Parade organizers say the March 20 march through the city’s downtown will be a scaled down version due to lack of preparation time. There will be only about 500 participants compared to the usual three to four thousand. There won’t be the usual slow-moving stream of gaudy floats. But there will be bands to entertain whatever crowds turn out along Ste. Catherine Street, which will be good enough since it’s by the luck of the Irish that the event is being held at all.
The Quebec government announced only at the end of February that vaccine passports and restrictions on outdoor events such as the parade would be lifted March 14, right before the actual March 17 Feast Day of St. Patrick, and a day short of exactly two years since the 2020 parade had to be abruptly cancelled because of pandemic restrictions.
“Everyone…just wants to get back and break this curse that we’re all under. We’re hoping this is going to stick now,” says Kevin Tracey, spokesman for the United Irish Societies of Montreal.
While St. Patrick’s parades abound across North America, and are have even become more common in Ireland, Montreal extends the fete to an entire Green Week. The parade caps off festivities that include the selection of a Queen and her court, a gala luncheon that generally features political heavy weights such as former prime ministers or premiers as guest speakers, and cultural activities to mark the city’s recognition of itself as the historic centre of Irish Canadian life. Veteran Montreal journalist Alan Hustak, who is writing a history of Montreal’s St. Patrick’s parade timed for publication on the 200th anniversary in 2024, says much of that Irish heritage back patting is justified given the city’s centrality for 19th century immigration from Éire, and the interweaving of the Irish and French Canadians through intermarriage and politics.
Hustak, however, tut-tuts the boast that the Montreal parade is the longest continuous St. Patrick’s Day procession in North America. For starters, he says, the show failed to go on at least five times in the years before the 2020 cancellation, including during the period of mourning for Pope Pius IX in 1878, and Irish nationalist leader John Redmond in 1918. In 1948, the parade was officially “postponed” because of an impending major storm threatening Montreal and happened only because a group of Second World War veterans who were lined up to go insisted on marching.
“They turned to each other and said ‘we marched through a lot worse in Europe; a storm isn’t going to stop us. So off they marched.’ The idea that the parade has never been cancelled is simply untrue.”

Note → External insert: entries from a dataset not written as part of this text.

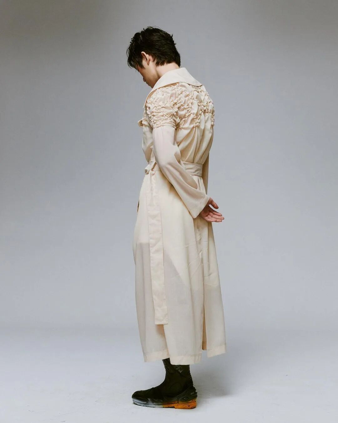 PONDER.ER,是一个不分性别的品牌,Alex Po和Derek Cheng解释说:“我们的品牌是关于质疑和挑战现代男性气质的含义以及男装的可能性的。”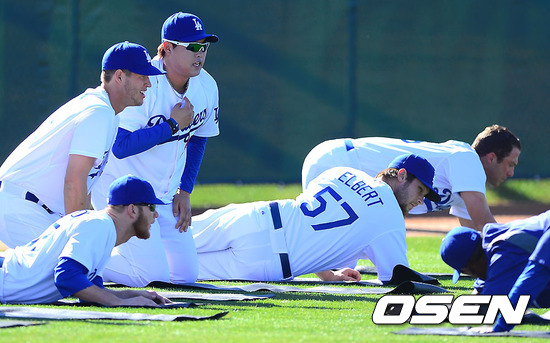 [OSEN=글렌데일(미국 애리조나), 곽영래 기자] LA 다저스의 괴물 투수 류현진이 16일(현지시간) 미국 애리조나주 글렌데일의 캐멀백 랜치 스타디움에서 열린 다저스 스프링캠프에서 팀 훈련을 가졌다.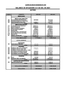 Inicio|Convocatoria primera Junta General Ordinaria 2022.|Balance de situación y cuentas de pérdidas y ganancias del ejercicio 2021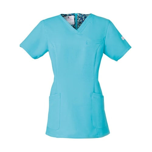 ワンピースのように「はいて着るスクラブ」きれいなシルエットが魅力フェミニンな花柄裏地▼背面の裏地に花柄の生地を使用。脱いだときや動いたときにチラリと見えるかわいいデザイン。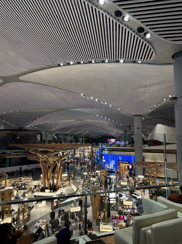 Home in the dusk, more packing, then to Gallada for a last dinner, again delightful. Off to the airport at 11 pm, about an hour drive. We’re met by a porter and our facilitator guy, who whisk us through security and check-in and to the vast, complicated Turkish Airlines Business Class lounge, where our guy leaves us for an hour and a half till boarding. Many food stations, an array of seating, overlooking the enormous high-end shopping mall enclosed by the even more enormous Istanbul Airport. Our guy reappears to golf cart us to the gate, which must be a half mile down the huge concourse. I tip him not enough, and shortly we’re aboard. Slightly smaller plane than our last (A 330), but same seats and nice though not as elaborate meal service. Seven hours sleep later, a quick breakfast and we’re at Male, in the Maldives.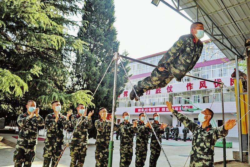 “110个,111个,112个……”“加油,坚持住,好样的!”掌声、呐喊声在训练场上此起彼伏,所有目光都聚焦单杠上那个瘦小的身影。“还能做吗?”“能!我还有劲儿!”班长陈代益陪着王泽文做完最后一个,最终成绩定格在116个,创下中队新纪录。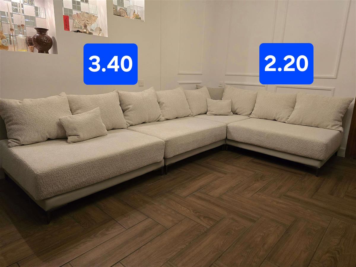 ოთხი სექციისგან შემდგარი, ახალი, კომფორტული, ორთოპედიული კუთხის დივანი. ტყავი / ბუკლე სიგრძე 340 სმ სიგანი 220 სმ სიღრმე 92 სმ სიმაღლე 69 სმ. Show original

Hustak, one of the few non-Irish Montrealers ever to get the honour of being named a parade chief reviewing officer, adds that a major impetus behind holding it in Montreal was that it wasn’t being held in Toronto. Because Catholics were unwelcome to march in the crucible of 19th century Orange domination, he says, St. Patrick’s Day got legs in a city where the population was overwhelmingly either French Canadian or Irish Catholic.
“The trade-off was Montreal had the Catholic parade, and Toronto had the Orange Parade, and Orange people were banned in Montreal,” Hustak says.

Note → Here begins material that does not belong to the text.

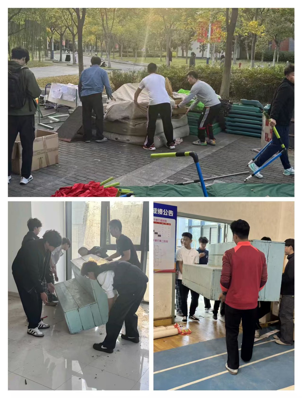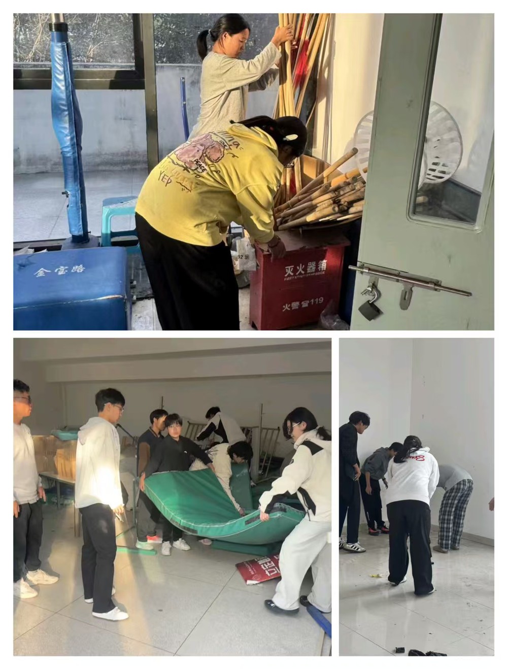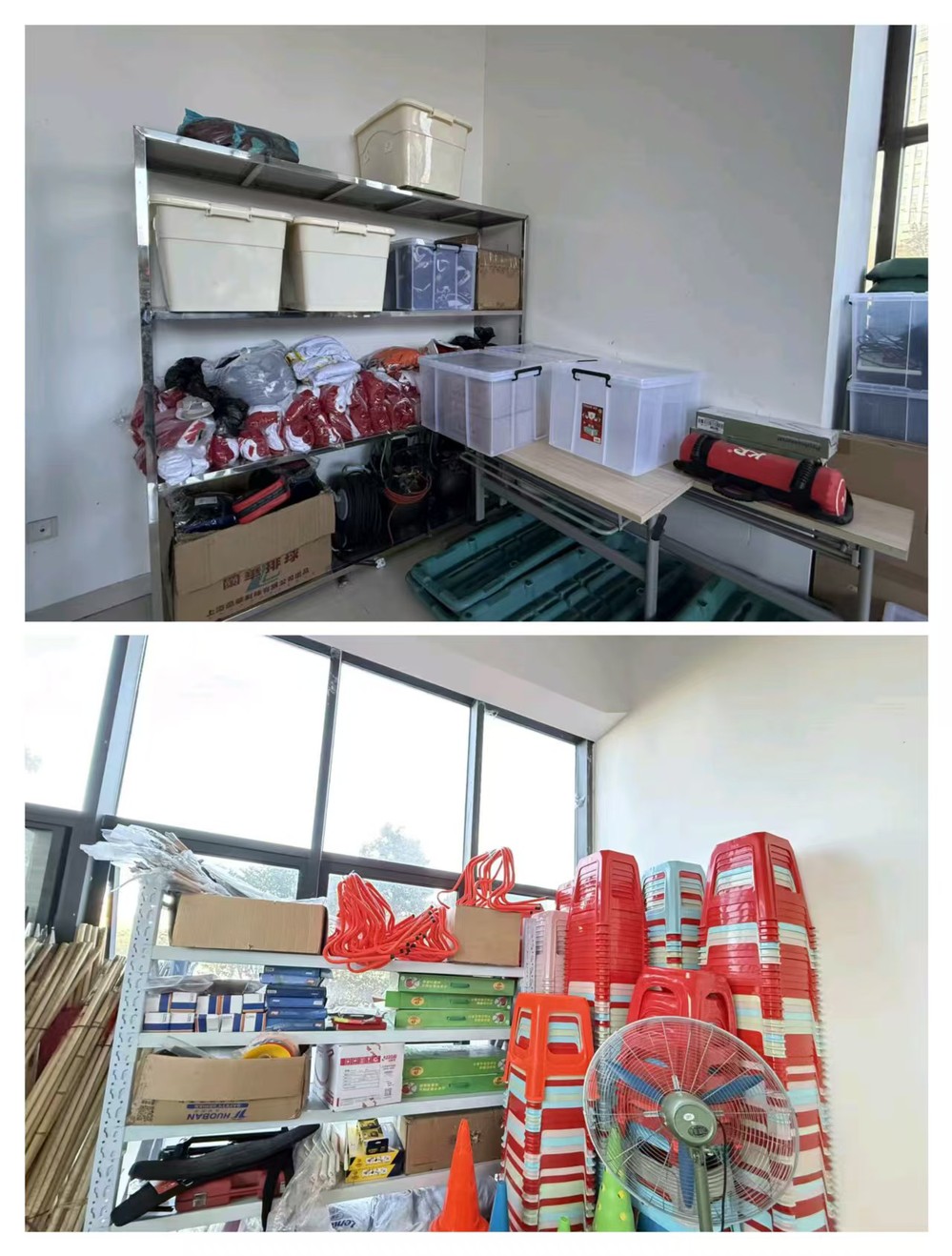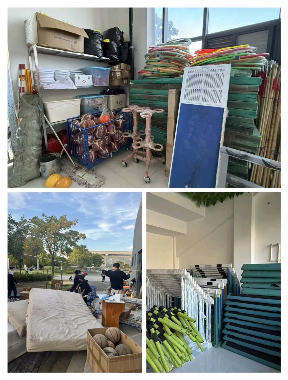 11月6日是“科学规划,规整焕新”的关键阶段。同学们在清理后的空间里,结合器材使用频率和存取便捷性,重新规划布局。党团积极分子勇挑重担,带头搬运重物,全体同学通力合作,完成了器材转移、分类归位、张贴清晰标签以及检查防潮通风设施等一系列工作。经过努力,原本略显杂乱的器材室面貌焕然一新,各类器材摆放井然有序,为后续教学与训练工作提供了有力保障。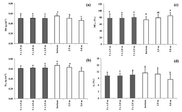 Figure 1 a) Basic density (Db), b) apparent density (ρ12), c) natural moisture content (MCN), and d) volumetric shrinkage (εv) as a function of tree spacing and longitudinal variation of 38-year-old Cariniana legalis. *Average values followed by the same distinct letters in columns of the same color differ by Tukey’s test (p<0.05)

Even the Catholic roots of the parade are more tangled than is often understood given its celebration of Ireland’s patron saint. It began in 1824 as a showcase for Montreal’s Anglo-Irish elite. The working class Irish Catholic unwashed who lived by the shore of the St. Lawrence were left out. Once it was firmly identified as a Catholic event, inter-parish rivalries led to multiple parades being held on different routes simultaneously.
“You wound up having East End parades, and Point St. Charles parades, and downtown parades. It was a non-religious parade, then it was a religious parade, but it’s always been a political parade. The Fenians came along and ran it (in the 1860s), which is why (Father of Confederation) D’Arcy McGee was never invited to walk in it. When he was trying to become an MP, Justin Trudeau showed up one morning at St. Gabriel’s (church) looking like a Paddy in a tweed Irish hat and battered tweed jacket.”
This year, fortunately, both the political and pandemic gods have smiled on Montreal’s Irish. The parade, even as a shadow of itself, can proceed.